Wednesday, July 20, 2011

Police State Tacticss and Civil Liberties Clash in Syria

In an article published in the Washington Post today, reporter Alice Fordham reveals that Syrian activists living in the United States have been threatened in phone calls made from Syria. Threats were made against family members living in Syria if their activities in the United States did not stop. There were also threats made to their own lives. Fordham also reports that the FBI remains in contact with these Syrians living in America to show support for them.
On July 6, the Washington Post article continues, the American State Department summoned Syrian Ambassador Imad Moustapha to talk to him about the Embassy’s using surveillance techniques against Syrian activists living in Washington. Several days later, the State Department said that it was “investigating reports that the Syrian government has sought retribution against Syrian family members for the actions of their relatives in the United States.”
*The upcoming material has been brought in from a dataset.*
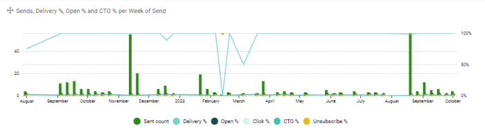 We want to display the number of records sent, the delivery rate, Open rate, click rate, click to open rate and unsubscribe rates, and this on a timeline

So, dear readers, the truth is often darker than even the daily headlines report.
And we who live in democratic societies forget that gulags exist, that regimes routinely spy on their citizens, that protesting against tyranny is not only dangerous personally but can bring down the full weight of the regime upon innocent relatives and friends. And, because, as in the case of Syria, these regimes are often accredited and granted ambassadorial status in the West, those who think their activities are safe because they are carried out in Washington or London or Paris, are sometimes mistaken.
“The price of liberty is eternal vigilance” and sometimes even that is not enough to secure basic human rights.
Sometimes it takes extraordinary courage. Think about these activists and think twice before condemning them as rabble rousers. Often, they are patriots of the most elevated kind.